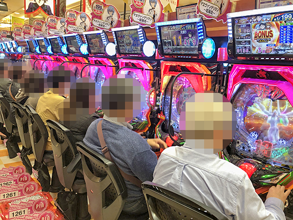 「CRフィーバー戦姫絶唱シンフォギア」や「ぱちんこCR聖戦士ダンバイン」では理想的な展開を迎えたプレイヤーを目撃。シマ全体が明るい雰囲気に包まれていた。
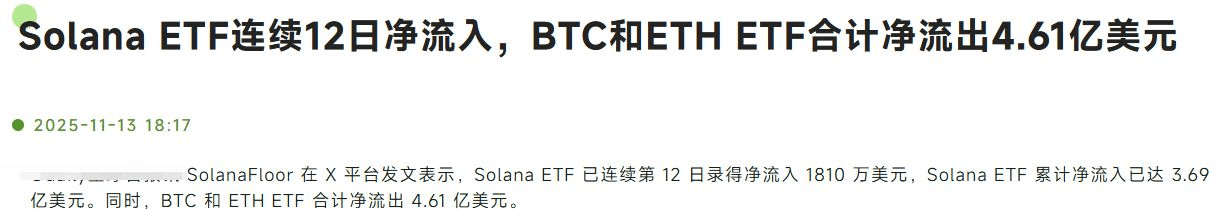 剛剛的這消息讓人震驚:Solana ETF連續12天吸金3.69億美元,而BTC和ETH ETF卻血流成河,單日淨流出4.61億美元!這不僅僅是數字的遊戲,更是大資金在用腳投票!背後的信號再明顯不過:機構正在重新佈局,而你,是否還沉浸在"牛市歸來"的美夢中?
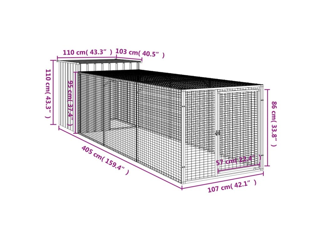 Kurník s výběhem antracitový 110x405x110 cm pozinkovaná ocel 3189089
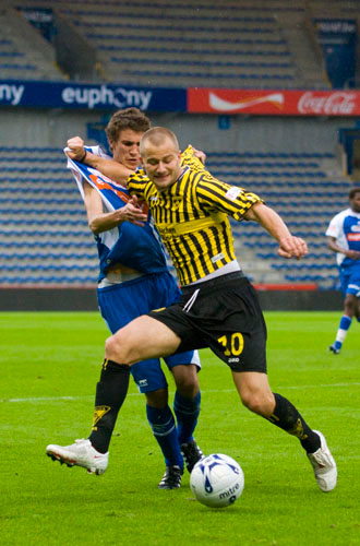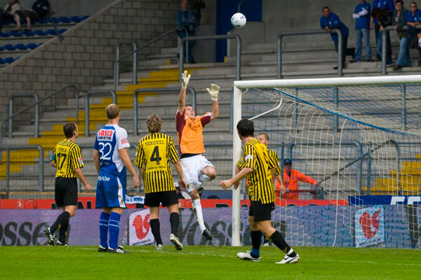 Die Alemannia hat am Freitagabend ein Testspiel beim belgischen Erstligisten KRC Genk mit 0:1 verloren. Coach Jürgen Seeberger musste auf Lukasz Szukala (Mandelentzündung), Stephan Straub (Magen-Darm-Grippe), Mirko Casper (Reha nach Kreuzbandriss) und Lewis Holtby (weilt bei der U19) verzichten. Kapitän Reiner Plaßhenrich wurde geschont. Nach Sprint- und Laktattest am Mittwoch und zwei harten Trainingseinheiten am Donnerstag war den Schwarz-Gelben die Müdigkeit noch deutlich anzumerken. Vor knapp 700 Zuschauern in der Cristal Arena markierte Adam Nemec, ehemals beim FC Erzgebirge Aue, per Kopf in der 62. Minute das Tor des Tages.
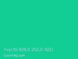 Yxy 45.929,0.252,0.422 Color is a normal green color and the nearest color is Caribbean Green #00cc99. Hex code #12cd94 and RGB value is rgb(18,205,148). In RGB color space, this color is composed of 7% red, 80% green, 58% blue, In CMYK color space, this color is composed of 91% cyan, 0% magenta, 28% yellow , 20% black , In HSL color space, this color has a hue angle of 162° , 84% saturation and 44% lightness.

--

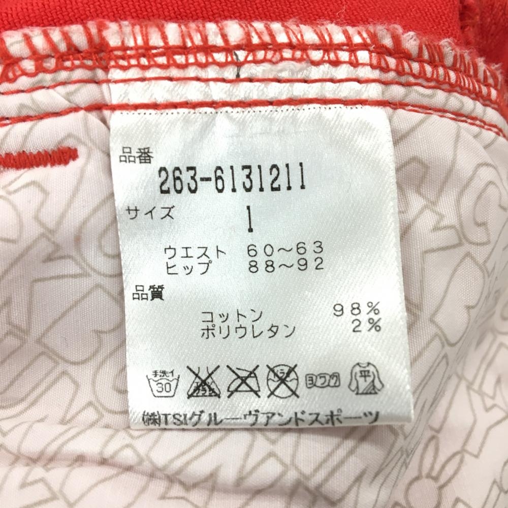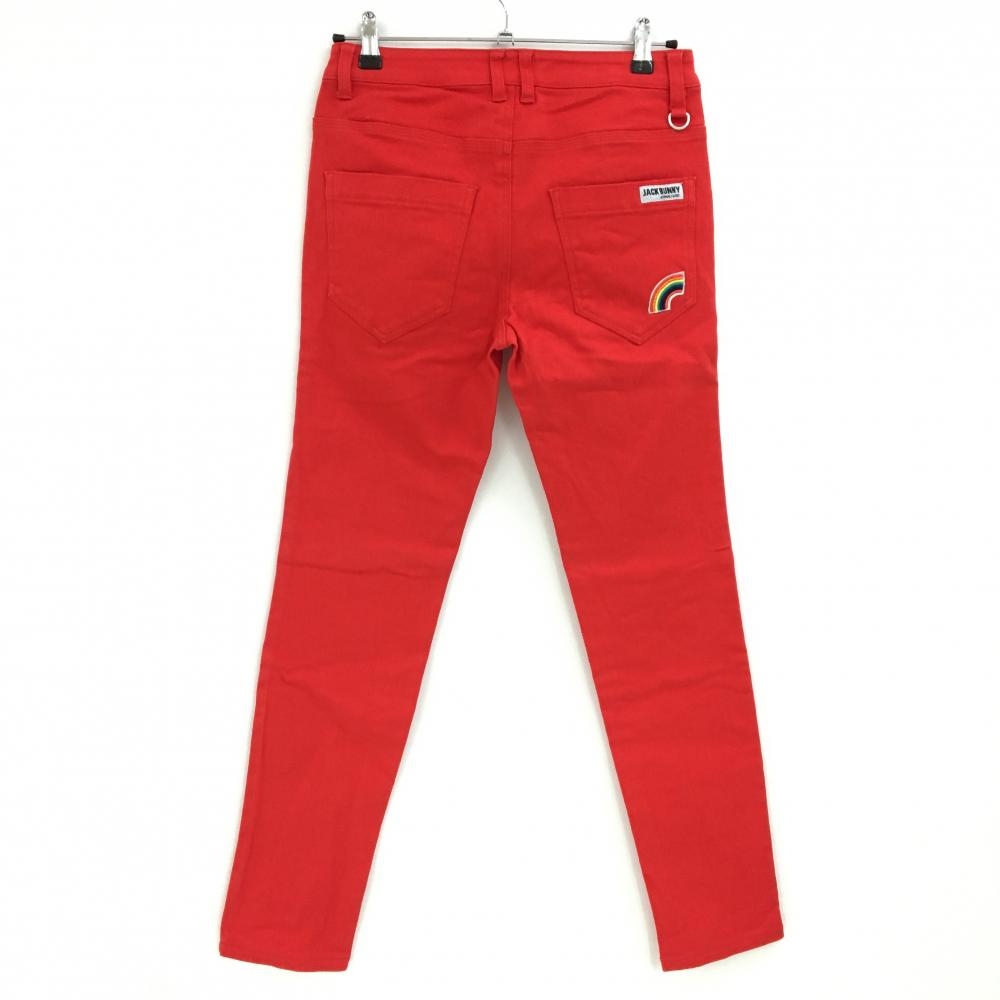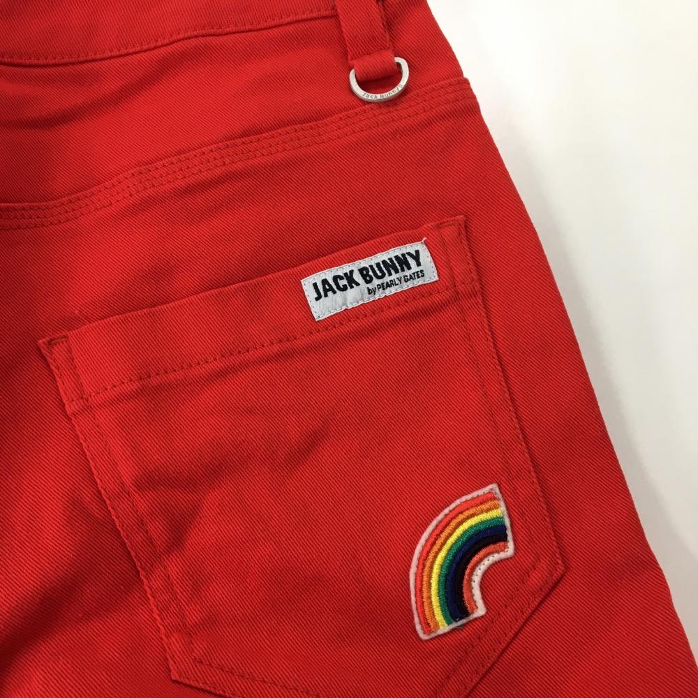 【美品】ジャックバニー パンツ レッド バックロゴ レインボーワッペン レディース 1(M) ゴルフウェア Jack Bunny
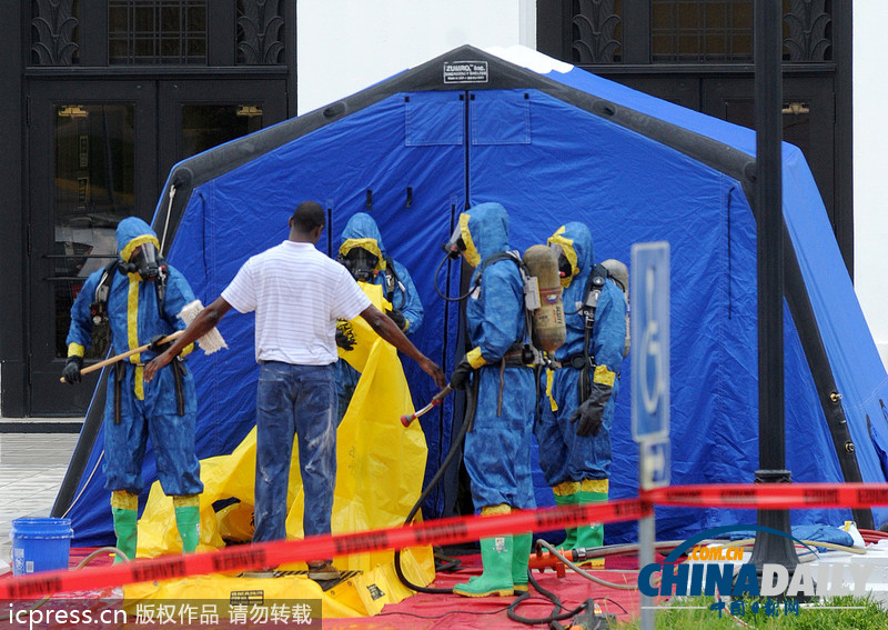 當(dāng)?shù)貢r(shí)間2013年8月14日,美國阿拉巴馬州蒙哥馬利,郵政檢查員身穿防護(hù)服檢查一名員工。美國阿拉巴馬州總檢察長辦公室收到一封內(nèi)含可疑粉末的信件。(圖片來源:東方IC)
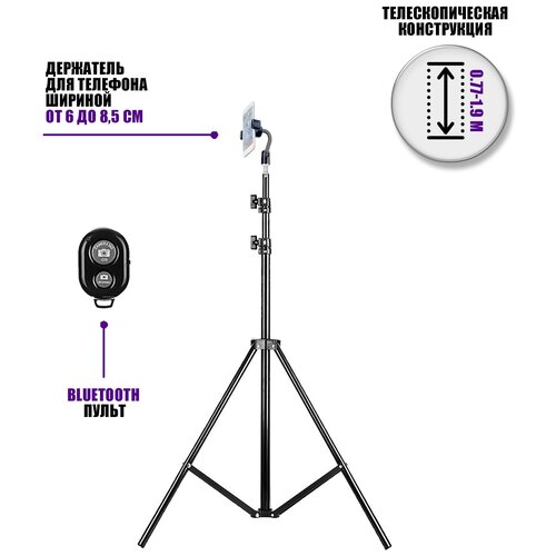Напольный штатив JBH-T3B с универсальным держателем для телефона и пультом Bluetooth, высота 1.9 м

• EXERCISE AIM
Give again, exactly as written above, each line from the one that has "當(dāng)?shù)貢r" to the one that has "Напольный штатив JBH-T3B", both included; omit the pictures.

• RESPONSE AREA
 當(dāng)?shù)貢r(shí)間2013年8月14日,美國阿拉巴馬州蒙哥馬利,郵政檢查員身穿防護(hù)服檢查一名員工。美國阿拉巴馬州總檢察長辦公室收到一封內(nèi)含可疑粉末的信件。(圖片來源:東方IC)
Напольный штатив JBH-T3B с универсальным держателем для телефона и пультом Bluetooth, высота 1.9 м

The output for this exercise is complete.